(Raw data begins)

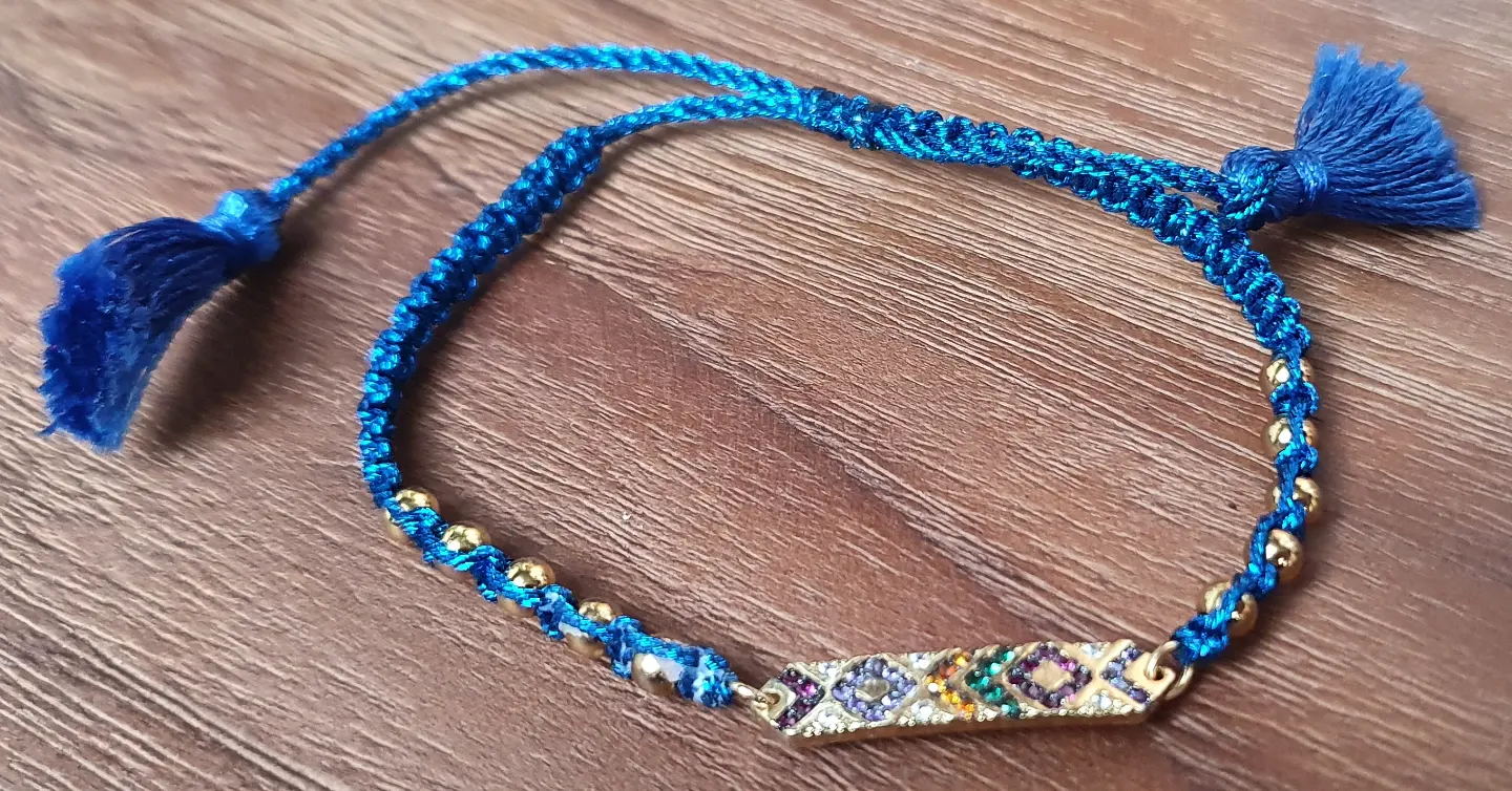 Fil tissé rouge réglable et perles dorées.
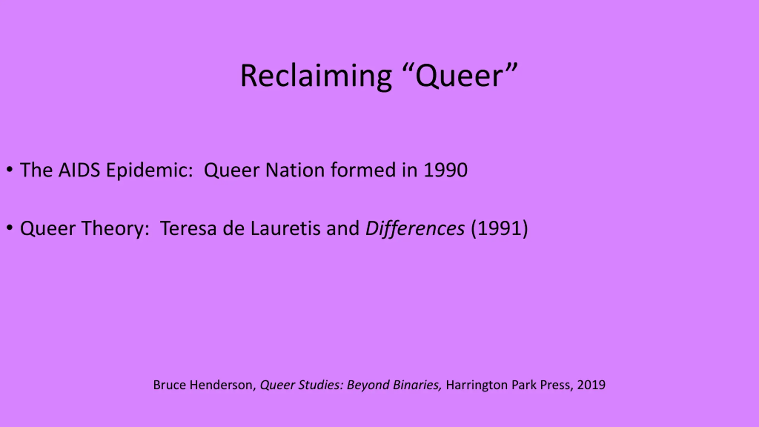 Reclaiming Queer The AIDS Epidemic: Queer Nation formed in 1990 Queer Theory: Teresa de Lauretis and Differences (1991) Bruce Henderson, Queer Studies: Beyond Binaries, Harrington Park Press, 2019
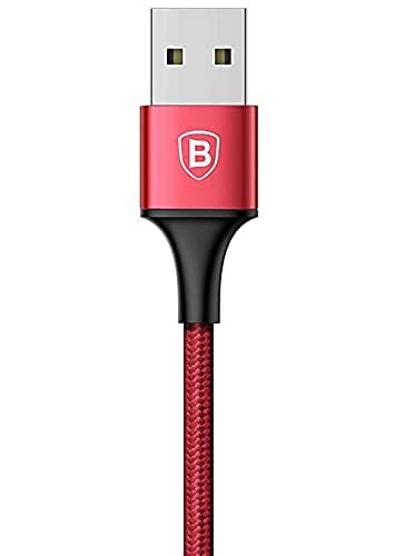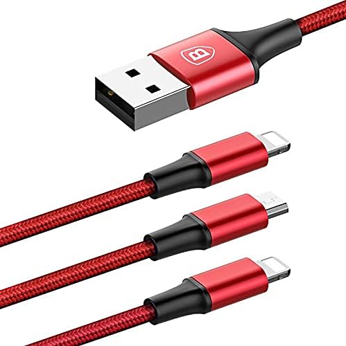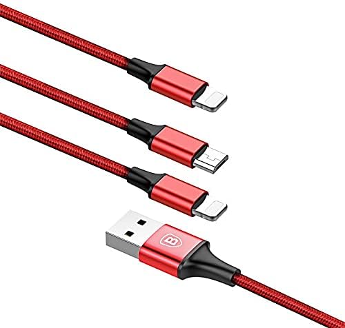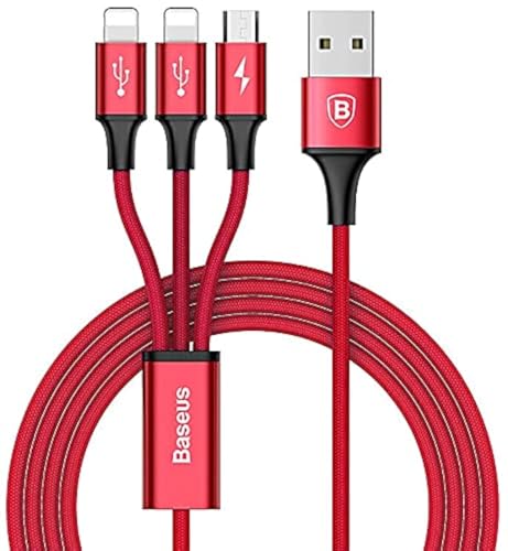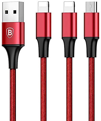 Baseus - باسيوس كابل 3 في 1 مع 3 مخارج ( لايتننج - لايتننج - مايكرو ) لجميع أجهزة ايباد ميني 7.9 انش / ايباد اير 9.7 انش / ايباد برو 10.2 انش / 10.5 انش / 10.9 انش شحن سريع 3 امبير - 1.2 متر - أحمر
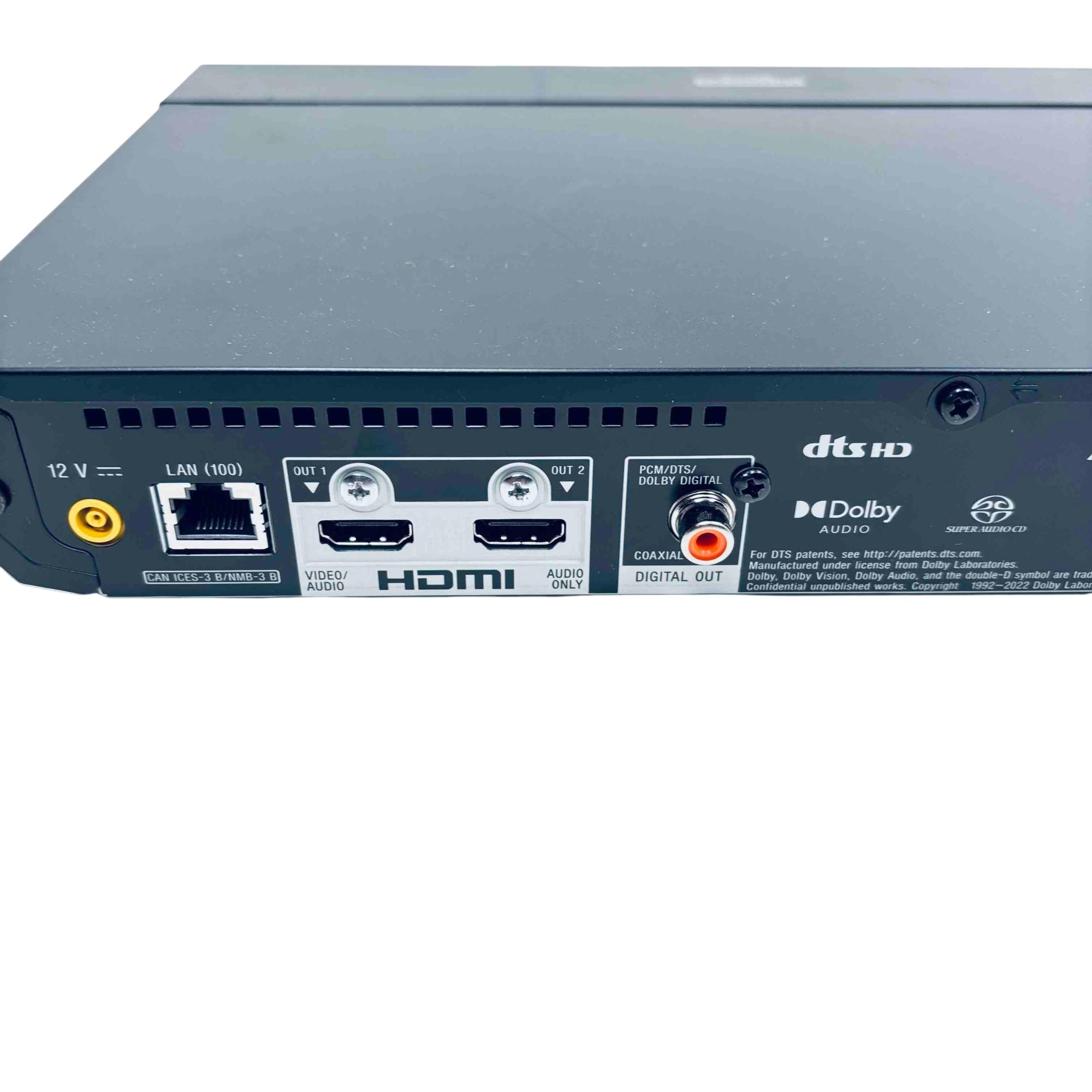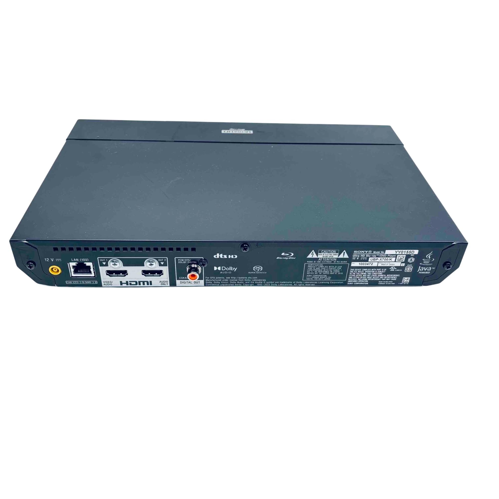 Experience cinematic picture quality at home with the Sony UBP-X700 4K Ultra HD Blu-ray Player. This model supports Dolby Vision, HDR10, and features HDMI and LAN connectivity for seamless streaming. Included are the original remote control and power adapter, making it ready to plug and play for your home entertainment system.

(Raw data ends)

About this exercise
Since the pictures are not wanted, repeat only the rest of the material, exactly as given.

Answer for the task
 Fil tissé rouge réglable et perles dorées.
 Reclaiming Queer The AIDS Epidemic: Queer Nation formed in 1990 Queer Theory: Teresa de Lauretis and Differences (1991) Bruce Henderson, Queer Studies: Beyond Binaries, Harrington Park Press, 2019
 Baseus - باسيوس كابل 3 في 1 مع 3 مخارج ( لايتننج - لايتننج - مايكرو ) لجميع أجهزة ايباد ميني 7.9 انش / ايباد اير 9.7 انش / ايباد برو 10.2 انش / 10.5 انش / 10.9 انش شحن سريع 3 امبير - 1.2 متر - أحمر
 Experience cinematic picture quality at home with the Sony UBP-X700 4K Ultra HD Blu-ray Player. This model supports Dolby Vision, HDR10, and features HDMI and LAN connectivity for seamless streaming. Included are the original remote control and power adapter, making it ready to plug and play for your home entertainment system.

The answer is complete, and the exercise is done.